I feel the same way, HTC... Lucilla, Cris's 9year old, is obviously interested in cooking, she always comes to my side and wants to help me when she sees me making something in the kitchen. Cris has made some Ice Cream, Truffles and biscuits with her and she seems to enjoy it a lot. And when she takes part in cooking the food, she is much less picky, she eats what she cooked!! Unfortunately her mother (Cris's ex) has lost enthusiasm for cooking now and only does bare minimum for their everyday dinner. I wish she had more opportunity to cook in the kitchen!!


----------



## Piccolina (Nov 4, 2005)

Ohhh I would love one of those right now HTC, they look fantastic - great job! 

Do you ever like to dip your soft pretzels into any type of sauce or condiment?


----------



## htc (Nov 4, 2005)

Urmac, I find that the same thing happened with my stepson. He's a lot less picky when he gets to help.
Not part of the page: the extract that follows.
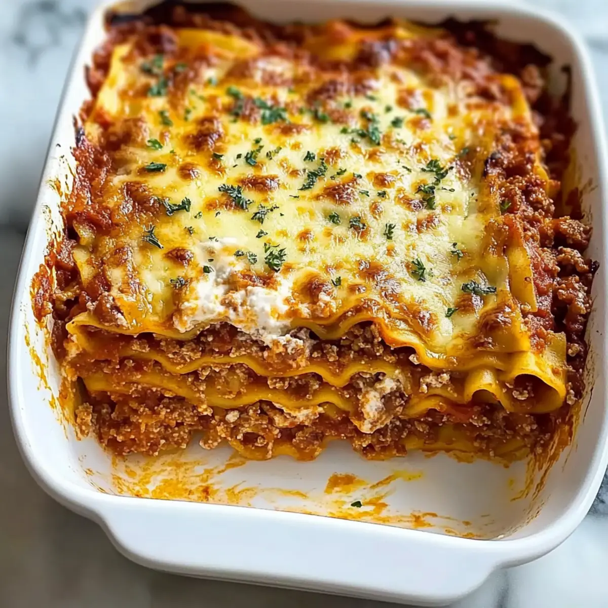 Creamy Alfredo: For a decadent twist, layer in some homemade alfredo sauce between the noodle layers to complement the tomato sauce beautifully. If you’re intrigued, check out my Decadent Alfredo Lasagna Soup for more creamy goodness!
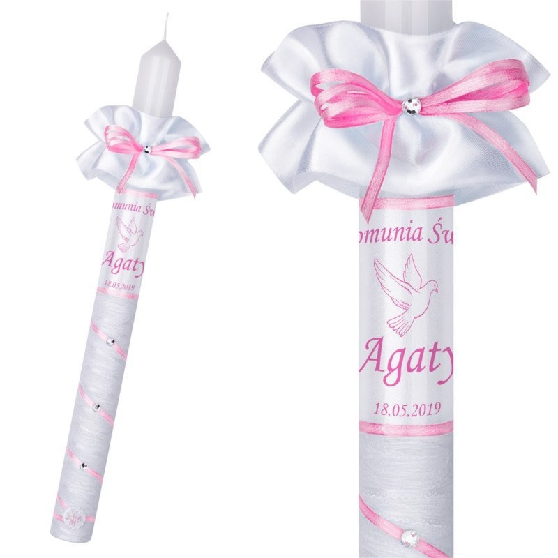 Ręcznie zdobiona świeca do Komunii z różowymi dodatkami oraz indywidualnym nadrukiem grafiki i napisów, z profitką i okapnikiem

Used to hate tomatoes, but then helped grow them and now claims it's one of his favorite veggies!  

Piccolina, sometimes I like to dip in a cheese sauce. We haven't done a dip for these yet. I was pretty liberal w/ the cheese on some of them so I might not do the dip. Just for the sake of my waistline.


----------



## licia (Nov 4, 2005)

They look so good. I printed the recipe and will try to make them with my grandkids Thanksgiving week.  I'm sure they will want to get involved in that.


----------



## KAYLINDA (Nov 4, 2005)

These look heavenly!  Great job Htc!


----------